Several concerts of new music have already brightened the fall music scene. Third Angle’s agile performance of songs from New York composer Eve Beglarian’s Mississippi Project persuaded me that the composer, who also performed, is one of this country’s most compelling active composers.

Cascadia Composers’ third concert of the still young season offered several local gems. My favorite was Jackie T. Gabel’s Comet Crash 9, an electroacoustic setting of a Gerard Manley Hopkins poem that reflected that phenomenon as colorfully as Agniezska Laska’s video accompaniment. Bonnie Miksch’s Like Water, Like Sound, Like Breath effectively conveyed the varied moods and emotional turbulence related to the loss of parents and the birth of children in the same period. Gary Noland’s admirably concise Trio for flute, viola and cello swerved from late romantic angst to bucolic tango in a deliciously loopy staggering dance, that ultimately reminded me a bit of Ravel’s  deconstruction of classic waltzes, La Valse. Tomas Svoboda’s Lamentation for string quartet echoed Webern in its spare use of silence and sound. Wind quintets by Ted Clifford and Liz Nedela both showed real promise and engaging moments. In maybe the finest performance of the night, Eugene singer Nancy Wood sang rapturously in Jeff Winslow’s Yeats setting, When You Are Old. It’s nice to hear lyrics delivered clearly without being burdened by archaic or inappropriate opera or art song styles. Thanks to its perky percussion parts, played by Florian Conzetti, Greg Steinke’s sparkling Expressions III, inspired by Klimt paintings, contributed the night’s most exciting moments, and percussion also enlivened David Bernstein’s Quadralogues II.

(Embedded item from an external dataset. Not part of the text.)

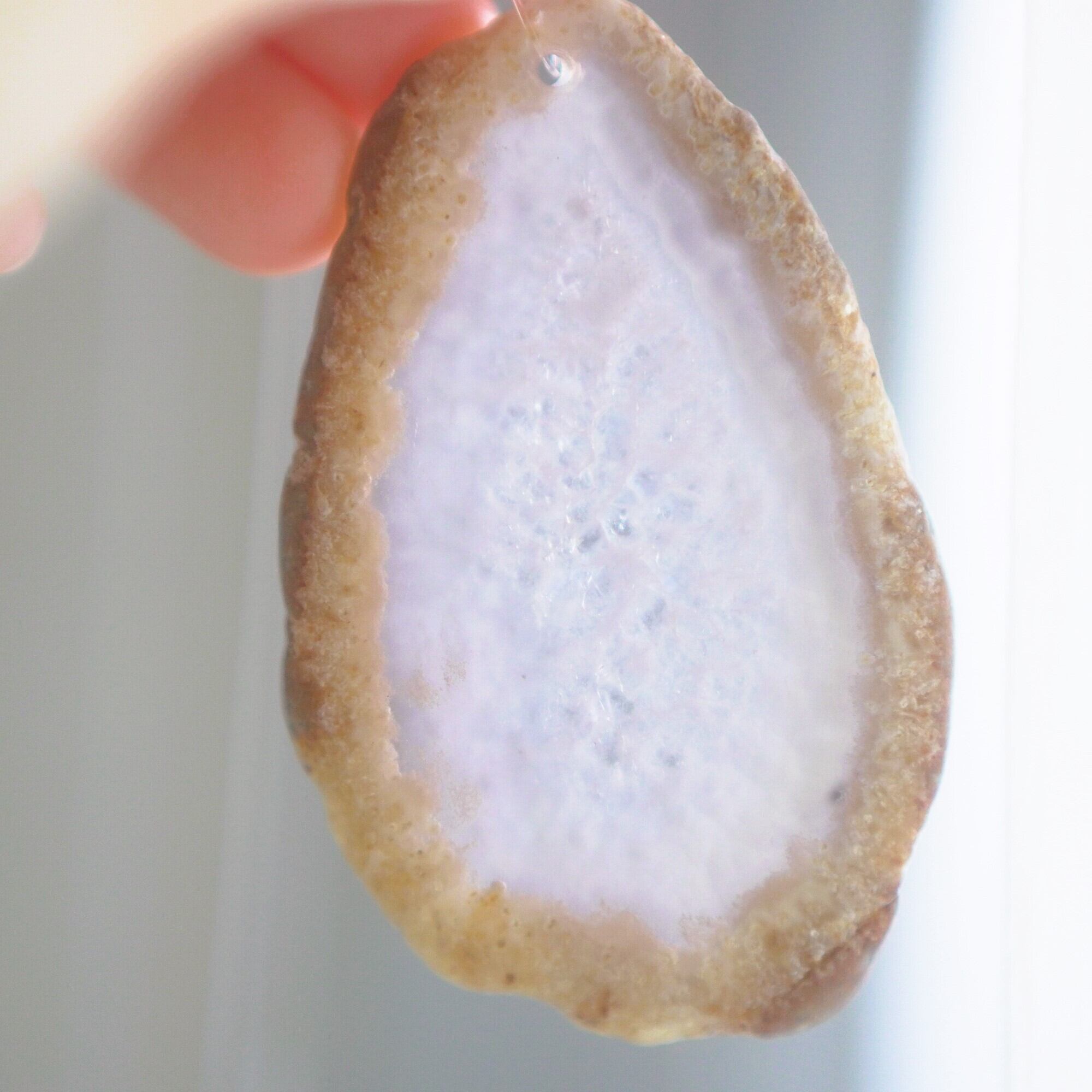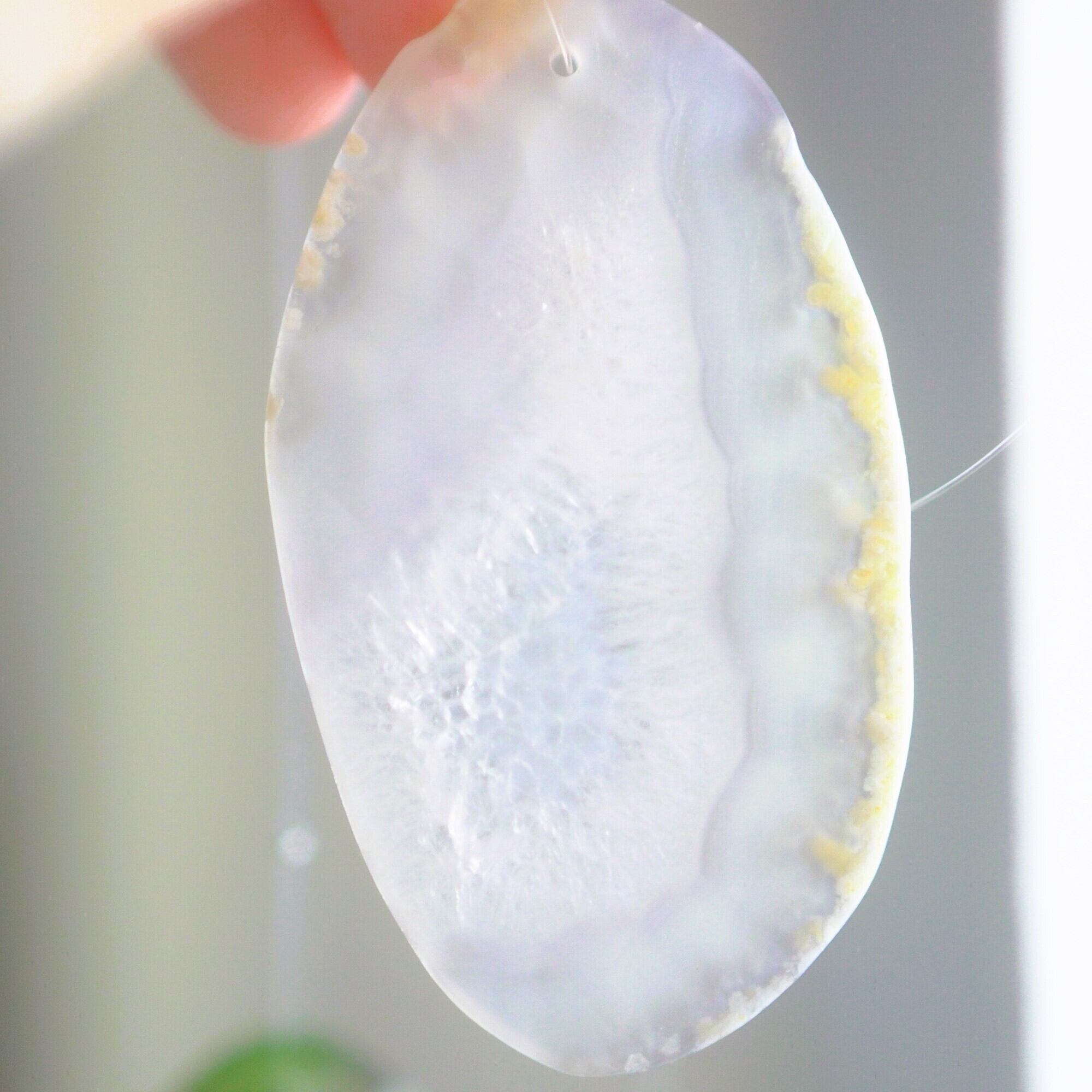 重ねる石同士の側面の加工状態によっても良い音が鳴ったり鳴らなかったり、石の見た目だけで組み合わせを決められないことが難しいポイントでもあるのですが、そんな中、たくさんの石の中から選ばれた5枚のスライスアゲートから出来上がったチャイムたちは、どこか悠々自適に空を泳ぐ妖精のようでもあり、それぞれの音を楽しそうに奏でてくれます。

What really stood out about this concert was the level of performance quality, the highest I’ve heard at CC concerts. When you have performers like Third Angle pianist Susan Smith, Colorado Quartet co-founder Diane Chaplin on cello, former Turtle Island String Quartet violist Danny Seidenberg, Oregon Symphony flutist Alicia DiDonato Paulsen and other excellent musicians giving their superb skills to this homegrown music, it adds immensely to the audience experience. Now, when are other musicians and presenters going to show up and scout some of this  listener-friendly Northwest music for use on local stages?

So Percussion’s performance of music by John Cage, Steve Reich and the band’s own Jason Treuting at Reed College — one of the highlights of the year so far — demonstrated the young quartet’s status as one of the country’s most important musical voices, and presenter  Friends of Chamber Music‘s welcome hipness in taking an expansive of view of chamber music. The New Yorkers brought Oregon some really fresh sounds, including one of Reich’s grooviest latter-day works, 2009’s Mallet Quartet, which sounded even more appealing than it did when I heard So present its premiere in 2009. Debut performances are important, but keeping them in the repertoire really makes new music grow.

FOCM’s outreach efforts also made important connections, as happened with last year’s Calder Quartet appearances at the Portland Art Museum and elsewhere. A Sunday afternoon free performance at Multnomah County’s Central Library kept kids and families engaged and participating in some clapping and other percussion. I wonder if anyone there realized that the music was by composers who were positively vilified by critics and conservative audiences for much of their careers. Hidebound critics routinely ridiculed Cage’s concepts of chance music, his ideas about the value of non traditionally musical sounds, and the rest of his transformational contributions to 20th century arts, while Reich’s early minimalism received boos and derision in the 1960s and early ’70s and even later. The critics lacked imagination, of course, but let’s also acknowledge just how much those two geniuses changed our culture, so much so that Stomp! and Blue Man Group and other percussion-propelled performances now seem perfectly safe,  friendly and fun, even for kids and families. That long view is worth keeping in mind when we encounter new art that seems strange today.